The strange comes in when I assume that $\mathcal N$ is prime so we have that, we obtain first that $\gcd(b,\mathcal N)=1$ otherwise the above will imply $1\equiv 0\pmod{\mathcal N}$, \begin{align*} 0&\equiv1+b+b^2+\cdots b^{p-1}\pmod{\mathcal N}\\ 0&\equiv 1+b+b^2+\cdots b^{\mathcal N-1} \pmod{\mathcal N} \end{align*} Now we have $p,\mathcal N$ numbers of terms for each congruence. We subtract each one with the larger one, which is $\mathcal N>\mathcal N-1\ge p$, so that we obtain $0\equiv b^{p}+b^{p+1}+\cdots +b^{\mathcal N-1}\pmod {\mathcal N}$ and as $\gcd(\mathcal N,b)=1$, $0\equiv 1+b+b^2+\cdots +b^{\mathcal N-p-1}\pmod{\mathcal N}$. Now we focus on the following,
\begin{align*} 0&\equiv1+b+b^2+\cdots b^{p-1}\pmod{\mathcal N}\\ 0&\equiv 1+b+b^2+\cdots b^{\mathcal N-p-1} \pmod{\mathcal N}, \end{align*} with the number of $p,\mathcal N-p$ terms for each equation. This, as of my first thought, it is cool, is similar to the evaluation of $\gcd$ where we can reduce it further with the similar process. So that, I keep $x,y$ to be positive along the way, we obtain eventually some positive integer $\alpha$ $$1=\gcd(p,\mathcal N)=\gcd(p, \mathcal N-p)=\cdots =\gcd(x,y)=\cdots =\gcd(\alpha, \alpha+1)$$ This gives me the contradiction as we will have $b^{\alpha+1}\equiv 0\pmod{\mathcal N}$. At first I try another prime $q|\mathcal N$ and I got the contradiction, but I didn't use the condition $p>\sqrt{n}-1$ (and the assumed compositeness of $\mathcal N$) for this. Eventually, I tried with $\mathcal N$ itself to be a prime and I got this contradiction again. What are my failures here.

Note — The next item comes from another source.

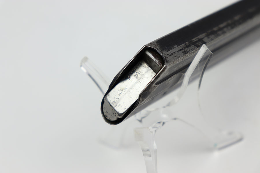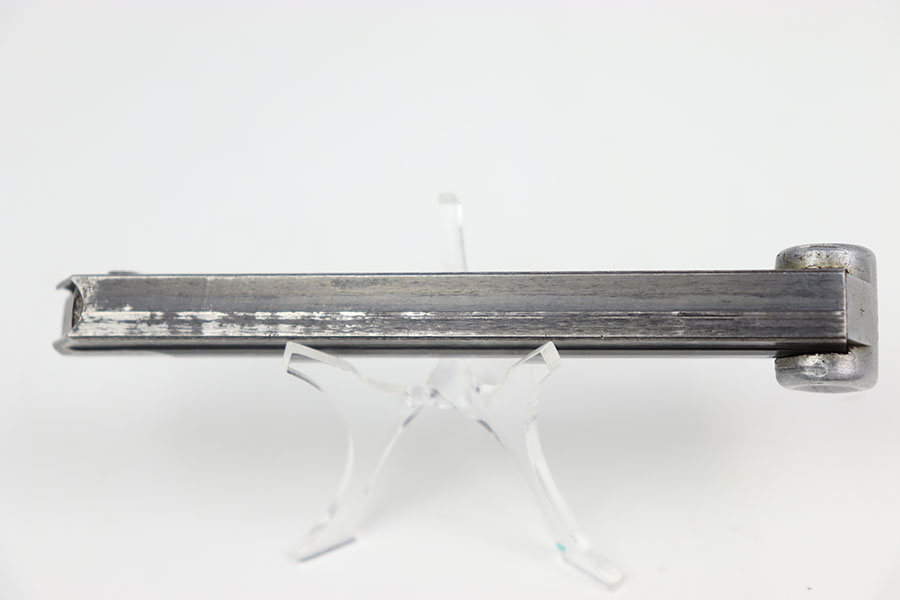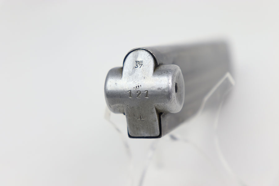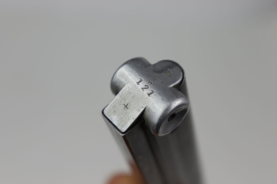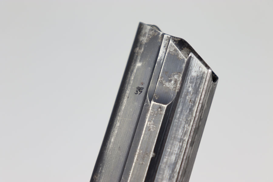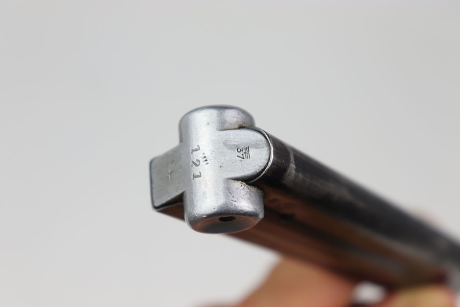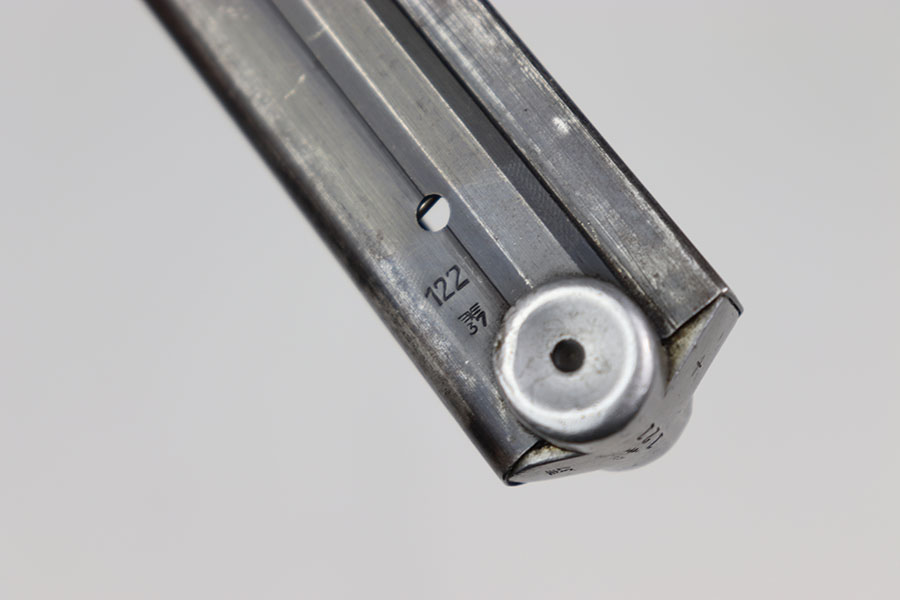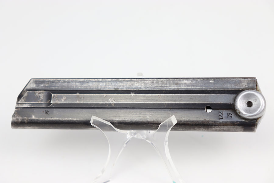 10/2/24 – This is an original “122” code late war variation (1939-41) Luger magazine from WW2. The magazine has a blued tube and aluminum base. The base is marked with the serial number “121” with no suffix which makes this an earlier magazine. The left side of the tube is “122” code stamped by Haenel with two “Eagle 37” proof stamps. The magazine is in good overall condition, with a couple spots of mild oxidation and some moderate wear throughout the original bluing. The aluminum base has some dings on each side but is marked with the “Eagle 37” stamp, serial number, and plus. The magazine has a strong and fully functional spring.

Okay, I am sorry. I've found my failures already. The line $0\equiv 1+b+b^2+\cdots +b^{\mathcal N-1}\pmod{\mathcal N}$ should read $0\equiv 1+b+b^2+\cdots +b^{\mathcal N-2}\pmod{\mathcal N}$.
The full proof is then be as follows. Let $q|\mathcal N$ with $q\le \sqrt{\mathcal N}$ as $\mathcal N$ is assumed to be composite. We obtain that $q\le \mathcal N<p+1\Longrightarrow \gcd(p, q-1)=1.$ We then use the same process starting with \begin{align*} 0&\equiv 1+b+b^2+\cdots +b^{p-1}\pmod{q}\\ 0&\equiv 1+b+b^2+\cdots +b^{q-2}\pmod{q}, \end{align*} with $\gcd(p,q-1)=1$ we obtain the contradiction and the theorem.